In hindsight, the previous Jonze-Kaufman collaboration, Being John Malkovich, was just as full of itself, but it compensated by brimming with comic invention — and it benefited from a tighter, yet more fanciful narrative. In fact, it was the story’s fanciful nature — involving a portal that allows one to enter actor John Malkovich’s mind for 15 minutes before being unceremoniously dumped onto the side of the New Jersey Turnpike — that made the film so richly compelling. Adaptation sorely needs that kind of fantastic-ation.

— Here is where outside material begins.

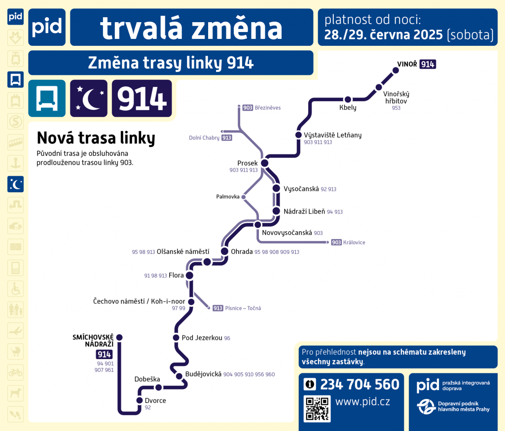914 Linka je v původní trase Březiněves – Ďáblice – Třebenická zrušena a nahrazena nově trasovanou linkou 903. Číslo 914 je použito pro novou linku v trase Smíchovské nádraží – Dvorce – Zemanka – Ryšánka – Poliklinika Budějovická – Budějovická – Michelská – Bohemians – Bělocerkevská – Flora – Rokycanova – Ohrada – Nádraží Libeň – Vysočanská – Prosek – Rychnovská – Toužimská – Kbely – Vinořský hřbitov – Vinoř (noční provoz celotýdenně v intervalu 60 minut).

The idea of making a movie about the attempts of Charlie Kaufman (Cage) to carve a screenplay out of a largely plotless book, The Orchid Thief, by Susan Orlean (Meryl Streep), is an interesting one, and it could have been profitably pursued had the real Kaufman resisted the temptation to turn himself into one of the most repellent characters ever to have the lead role in a film. (His secondary self — the fictional twin brother, Donald — is almost equally uninviting in a different way.) This idea, which cleverly incorporates the making of Being John Malkovich into its structure, is not in itself fantastic; the result is that all the whimsy of Malkovich is sacrificed to a plot involving the real-life Orlean in a story line that not only is fictional, but is finally so outrageously silly (if not outright stupid) that it doesn’t work as either fantasy or reality.
Adaptation isn’t awful, but it comes up wanting, and decidedly so. The film does deserve credit for sheer creative chutzpah. And the sequences involving Brian Cox as screenwriting teacher Robert McKee are undeniably funny (it’s definitely a hoot to hear him lecture against the use of voice-overs and the injection of a deus ex machina, only to have the film use both). But the film itself … I wanted to like it. I even expected to like it. Yet the best I could do was grudgingly admire the invention, and then be very glad when it was over.